Date | Content of communication |
26 August 2021 | Ms Dowling emailed the applicant to inform the applicant of her upcoming leave plans. She also provided the applicant with a written appraisal that had been requested of an asset held jointly with the applicant’s former husband. The applicant asked for some clarification around a billing issue. |
31 August 2021 | An invoice was issued by the respondent. |
3 September 2021 | An email was forwarded from the respondent to the applicant attaching the invoice. |
7 September 2021 | An email was forwarded from the respondent to the applicant noting that there had been an error in the applicant’s email address when sending the abovementioned. There were further communications between the parties as to whether the invoice would be paid by the applicant or her parents. |
8 September 2021 | An email was forwarded from the applicant to the respondent requesting clarification as to whether the invoice included counsels’ fees. |
10 September 2021 | An email was forwarded from the respondent to the applicant explaining that the invoice did not include counsels’ fees. |
12 September 2021 | An email was forwarded from the applicant to the respondent explaining that she would speak with her parents as to whether the invoice would be paid by her or her parents. |
13 September 2021 | An email was forwarded from the applicant to the respondent indicating that the total amount outstanding had been paid.

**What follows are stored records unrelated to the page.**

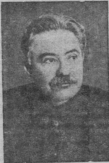
На снимке: Д. З. МАНУИЛЬСКИЙ

На XVIII съезде ВКП(б) отчетный доклад делегации ВКП(б) в ИККИ сделал тов. Мануильский
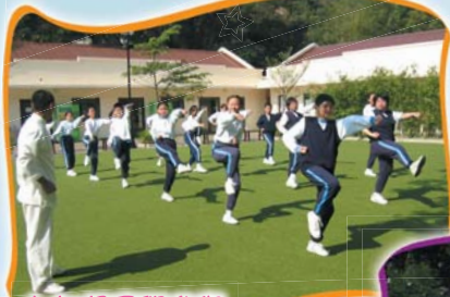
六年級同學參與少林武術中心日營
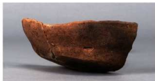
7 第237号土壙 (第400図95)
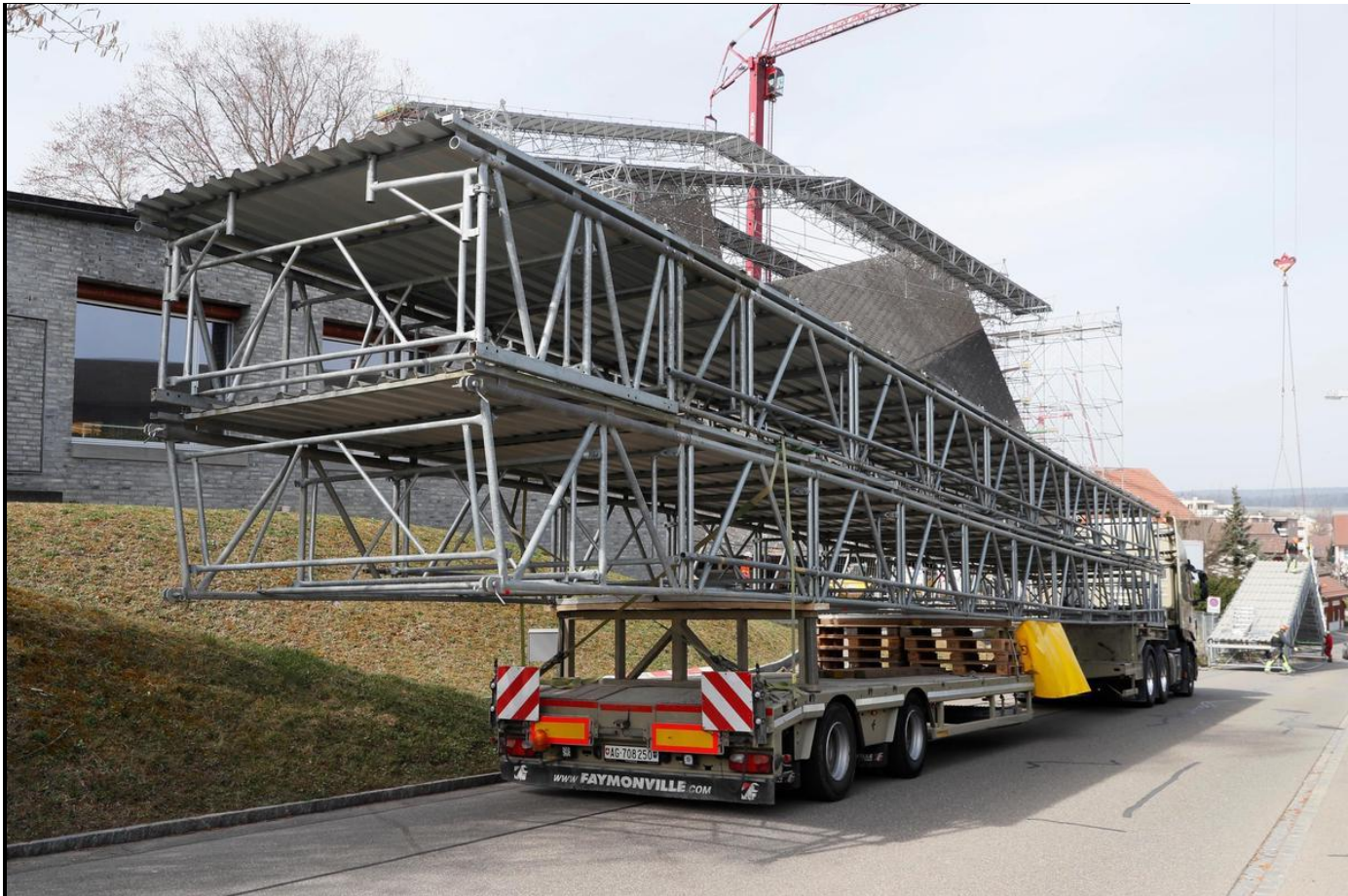
Die riesigen Elemente kamen per Tieflader.
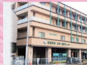
西宮渡辺心臓・血管センター 開院
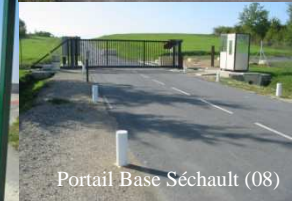
Installation de contrôles d'accès
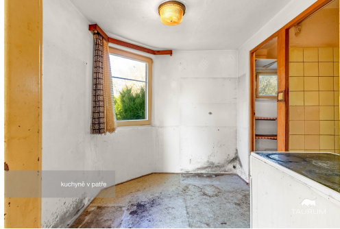
kuchyně v patře
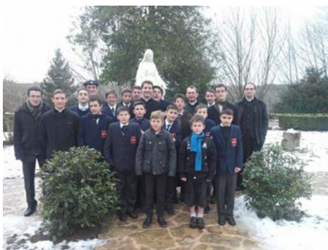
La délégation de l'école à Flavigny

Il reste à préparer la Semaine Sainte et à clore le plus saintement possible ce deuxième trimestre. En vous donnant rendez-vous pour la kermesse du samedi 16 mai, les prêtres, frères, sœurs, professeurs et élèves vous souhaitent à tous de saintes fêtes de Pâques.
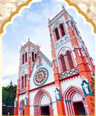
ปอนตีเชอร์
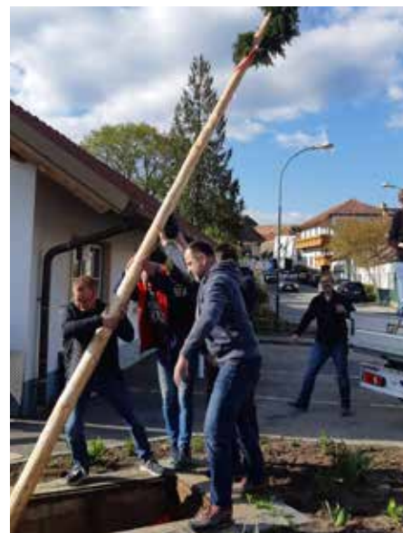
Den „Ausflug“ nach Droß hat der Maibaum gut überstanden.

Feuerlöscher-Überprüfung: Die Überprüfung von Feuerlöschern ist alle zwei Jahre verpflichtend vorzunehmen. Aus diesem Grund wurde heuer wieder die Möglichkeit geschaffen, dies auf

The respondent acknowledged the payment and indicated that the applicant would be updated once the delivery date for the judgment was listed. |
- [17]The applicant received a telephone call from Ms Dowling notifying her that the judgment was to be delivered on 13 October 2021. Support for this can be found in the respondent’s invoice dated 28 October 2021, which records a time entry by Ms Dowling for a telephone call on this day. The applicant also appeared, although by telephone. Ms Lahey explained in re-examination that prior to the delivery of the judgment, it would be necessary to have seen if the applicant wanted the respondent to collect the judgment. This is because a client can attend to this themselves or retain other lawyers to do this.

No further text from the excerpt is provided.